Copyright © 2019–2020 Marcus M. McGrew (MMM)

Negroes in Birmingham

Birmingham, Alabama - May 20, 1963

He might have chosen to stay home and protect his lucrative career as a nationally acclaimed

comedian, but Dick Gregory was ready to go to jail in Birmingham, Alabama. May 6, 1963,

marked the day more nonviolent civil rights protestors were arrested than any other day in

American history. As demonstrators took on a city with a reputation as "the Bastille of

segregation."

Gregory flew in from Chicago to help. He led the first group of what became a wave of children

and teenagers marching out of church doors to get arrested for protesting peacefully for equal

rights. More than 3,300 people were already in Birmingham's jails when thousands more took

part in what became known as "The Children's March." Birmingham's notorious police chief,

Bull Connor, turned high-pressure fire hoses and snarling police dogs loose on the orderly

protestors. The news coverage sparked international outrage.1

After spending four days in jail, Gregory flew home to Chicago, then returned to Birmingham

about a week later to address a Monday night mass meeting with the story of his arrest. Gregory

was a veteran of civil rights protests. In 1961, he was asked by voting rights activist Medgar

Evers to speak at a rally in Jackson, Mississippi. He lent his hand and his humor to other groups

as well.2

Gregory was born in 1932 in St. Louis, where he grew up poor, especially after his father

deserted his mother and five siblings. Gregory attended public schools and won a track

scholarship to Southern Illinois University, which he attended until he was drafted in 1954.

Gregory made a name for himself in Army talent shows, and after his discharge in 1956, he quit

college to pursue a career in comedy. His first big break came at the Chicago Playboy Club when

he filled in for an ailing white actor and, defying the odds, entertained a group of Southern

businessmen with his racially barbed routine.
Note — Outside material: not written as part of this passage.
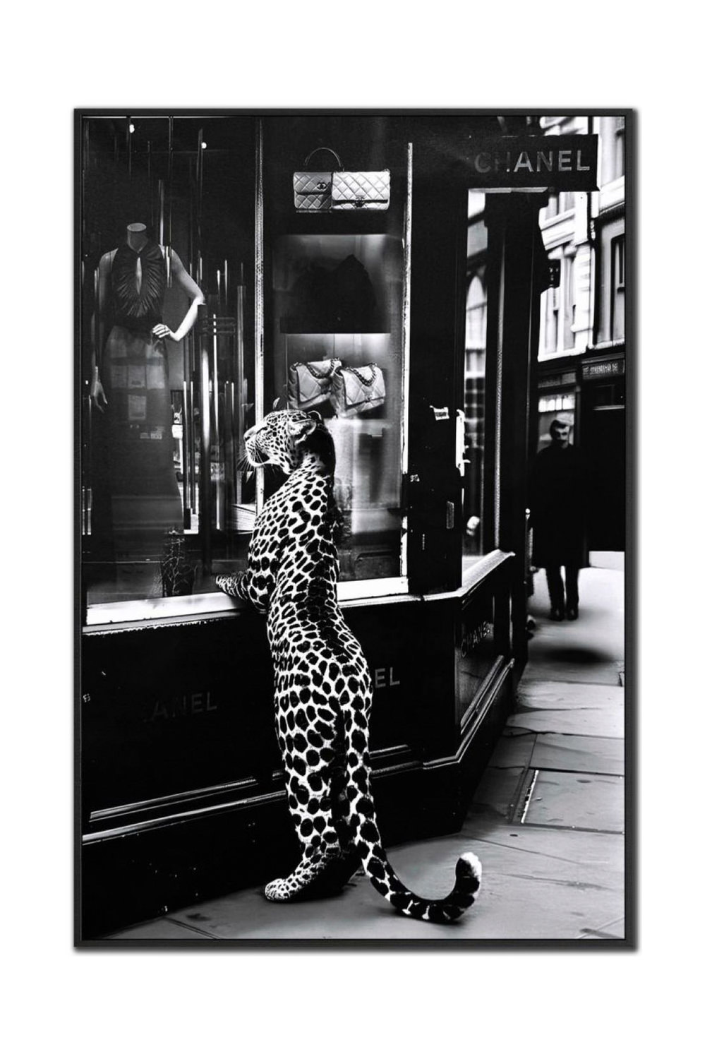 Introducing the exquisite Luxury Hunt II Framed Canvas from HOM Furniture, a masterpiece that perfectly encapsulates the essence of modern luxury and adventure. This captivating piece features a striking black floating frame that adds a touch of elegance to any space. The hand-embellished artwork showcases a wild cat on its hind legs, peering into a clothing and jewelry store, creating a sense of mystery and intrigue. With its fun and playful design, this artwork is sure to spark joy and conversation wherever it is displayed. The black and white color tones add a timeless appeal, while the modern style brings a contemporary flair to your décor.

At the height of the Birmingham protests, Gregory gave confidential advice to Attorney General

Robert F. Kennedy on how the Kennedy administration could work with civil rights leaders. It

led to a secret New York meeting between RFK and a group of African American leaders, artists,

and others organized by author James Baldwin.3

Gregory remained active in politics and civil rights. In 1967, he fasted for forty days to protest

the Vietnam War. He also ran for mayor of Chicago and the U.S. presidency. In the 1970s and

1980s, Gregory became a widely quoted advocate of dieting and nutrition.
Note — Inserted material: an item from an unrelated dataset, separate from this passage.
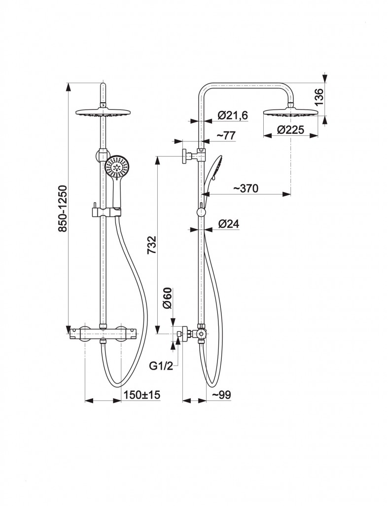 Ako celok má sprchový set s batériou výšku 125 cm , čo je ideálna veľkosť aj do tej najmenšej kúpeľne.
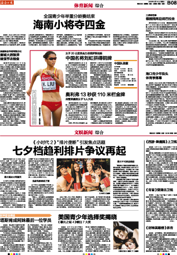 海南日报 体育新闻 文娱新闻 016 2013-08-141 2013年08月14日 星期三

I'll tell you one thing, it sure is nice being out of that prison over there. Lot of people asked me

when I went back to Chicago last night, they said, "Well how are the Negroes in Birmingham

taking it? What did they act like? What did they look like?" I said, "Man, I got off a plane at

10:30, arrived at the motel at 11 and by one o'clock I was in jail." [laughter] So I know what you

all mean when you refer to the good old days. I asked one guy, "What is the 'good old days'?"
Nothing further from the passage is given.